### TASK ITEM
With pictures left out, set down every record word for word.

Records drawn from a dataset
##############################

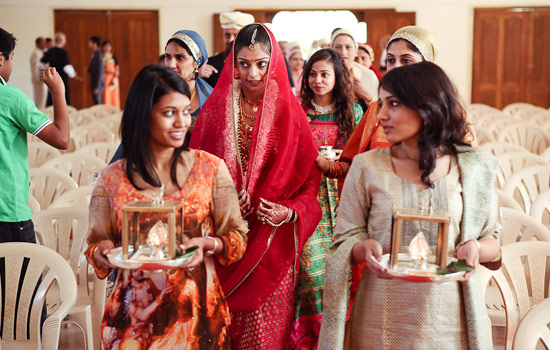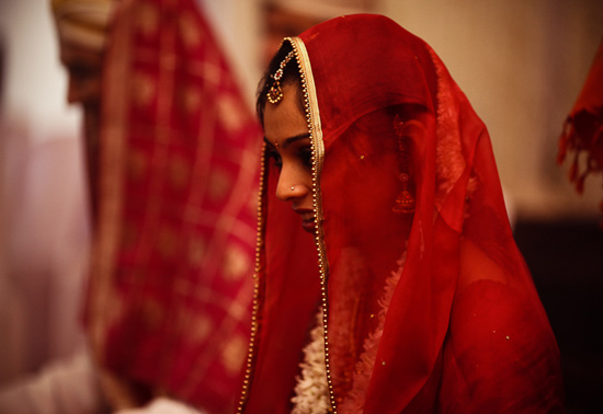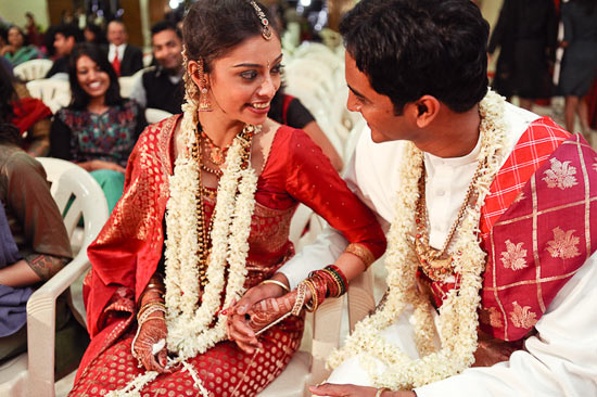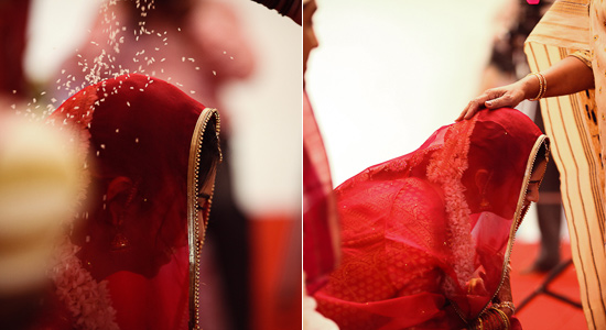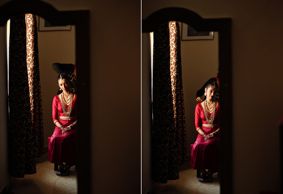 The bride wears a red silk sari with dots draped in the signature Coorgi style. Teamed with a red long-sleeved blouse and a red veil that covers her head. The sari is handed down as an heirloom
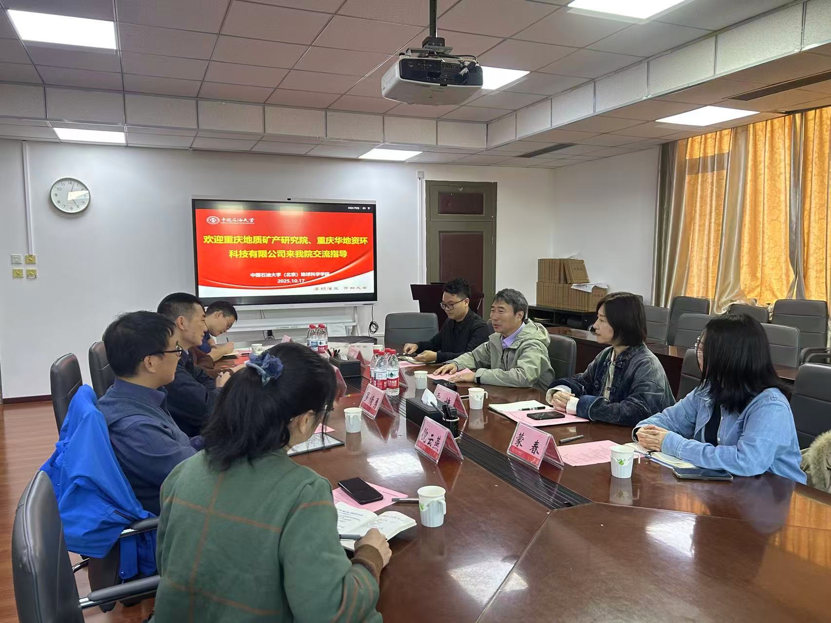 2025年10月17日,重庆地质矿产研究院页岩气分院院长张烨、重庆华地资环科技有限公司党委副书记、纪委书记雷婕一行来我院走访交流,地球科学学院党委书记刘钰铭、副院长罗情勇、牛花朋等在1105会议室进行了接待。会议由地球科学学院副院长罗情勇主持。
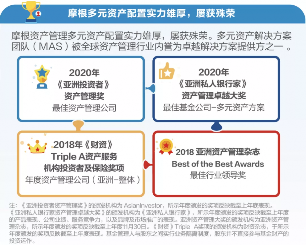 杜习杰:摩根资产管理拥有2.3万亿美元规模的资产管理经验,在多元资产配置领域的经验尤为丰富,实力雄厚。摩根多元资产解决方案团队(MAS)被全球资产管理行业誉为卓越解决方案提供方之一。
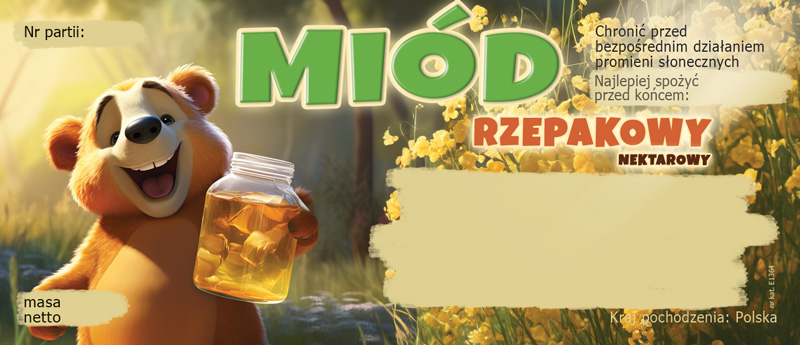 Samoprzylepna etykieta o wymiarach 116x50 mm stworzona z myślą o miodzie rzepakowym. Wzór E1364 przedstawia uśmiechniętego misia, trzymającego słoik z miodem - na pewno wzbudzi pozytywne emocje, zwłaszcza wśród klientów z dziećmi.
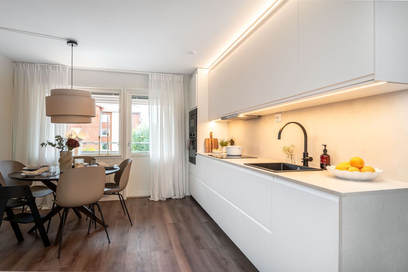 Allt – från golv, väggar och tak till el, vatten och avlopp – är nytt sedan 2022. Detta är verkligen en lägenhet utöver det vanliga, i en välskött förening med attraktivt läge i centrum.
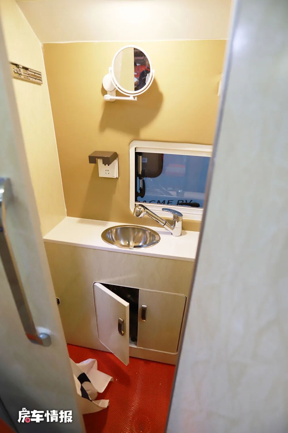 橱柜后方的卫生间设计非常的特别,整体采用了一个抽拉式的设计,平时折叠起来也不影响其他生活空间,使用的时候就可以将卫生间的门向外推开,形成一个简单的淋浴区,内部配置了水盆、梳妆镜以及便携式马桶,可以满足基础的洗漱需求。
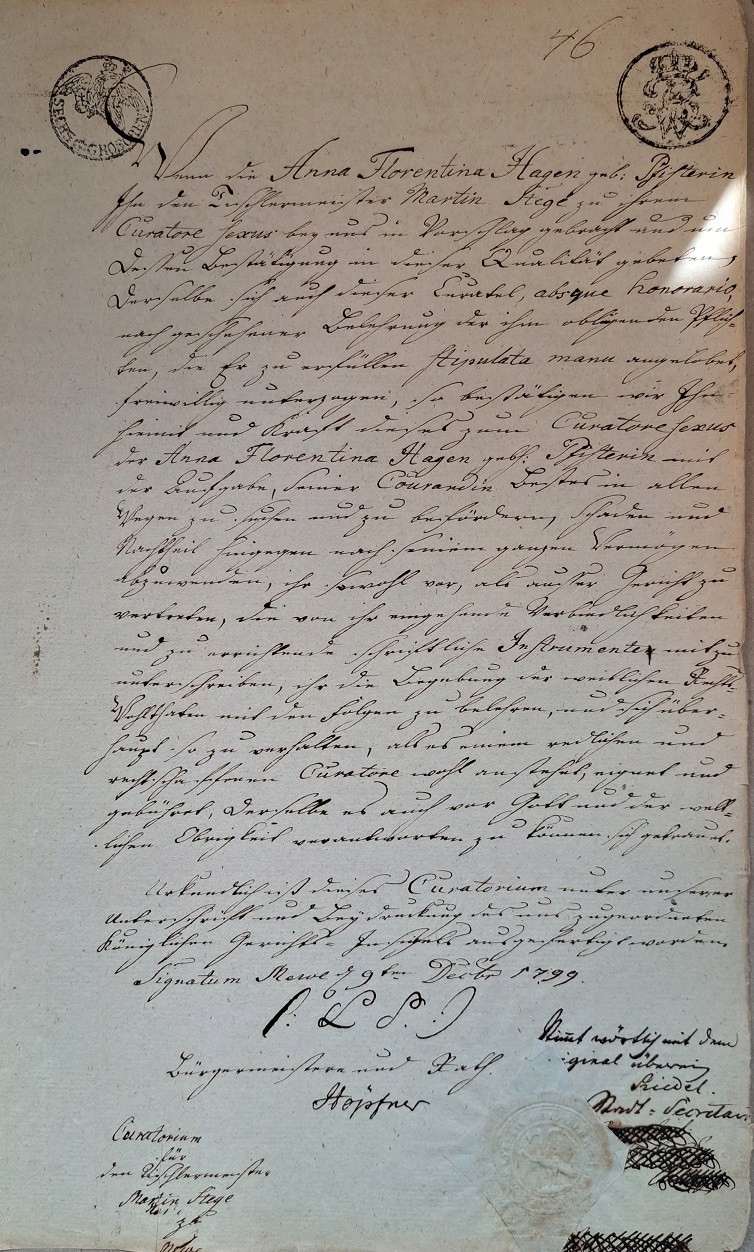 Перший документ від 8 грудня 1799 р. (документ засвідчено 9 або 19 грудня 1799 р., а оригінал занесено до книг 8 грудня 1799 р.), а другий від 26 лютого 1800 р. стосується справ Анни Флорентини Гаген, уродженої представника Пфіферіна – Мартіна Стеге, в т.ч. деталі договору між ними

##############################

### TASK RESULT
 The bride wears a red silk sari with dots draped in the signature Coorgi style. Teamed with a red long-sleeved blouse and a red veil that covers her head. The sari is handed down as an heirloom
 2025年10月17日,重庆地质矿产研究院页岩气分院院长张烨、重庆华地资环科技有限公司党委副书记、纪委书记雷婕一行来我院走访交流,地球科学学院党委书记刘钰铭、副院长罗情勇、牛花朋等在1105会议室进行了接待。会议由地球科学学院副院长罗情勇主持。
 杜习杰:摩根资产管理拥有2.3万亿美元规模的资产管理经验,在多元资产配置领域的经验尤为丰富,实力雄厚。摩根多元资产解决方案团队(MAS)被全球资产管理行业誉为卓越解决方案提供方之一。
 Samoprzylepna etykieta o wymiarach 116x50 mm stworzona z myślą o miodzie rzepakowym. Wzór E1364 przedstawia uśmiechniętego misia, trzymającego słoik z miodem - na pewno wzbudzi pozytywne emocje, zwłaszcza wśród klientów z dziećmi.
 Allt – från golv, väggar och tak till el, vatten och avlopp – är nytt sedan 2022. Detta är verkligen en lägenhet utöver det vanliga, i en välskött förening med attraktivt läge i centrum.
 橱柜后方的卫生间设计非常的特别,整体采用了一个抽拉式的设计,平时折叠起来也不影响其他生活空间,使用的时候就可以将卫生间的门向外推开,形成一个简单的淋浴区,内部配置了水盆、梳妆镜以及便携式马桶,可以满足基础的洗漱需求。
 Перший документ від 8 грудня 1799 р. (документ засвідчено 9 або 19 грудня 1799 р., а оригінал занесено до книг 8 грудня 1799 р.), а другий від 26 лютого 1800 р. стосується справ Анни Флорентини Гаген, уродженої представника Пфіферіна – Мартіна Стеге, в т.ч. деталі договору між ними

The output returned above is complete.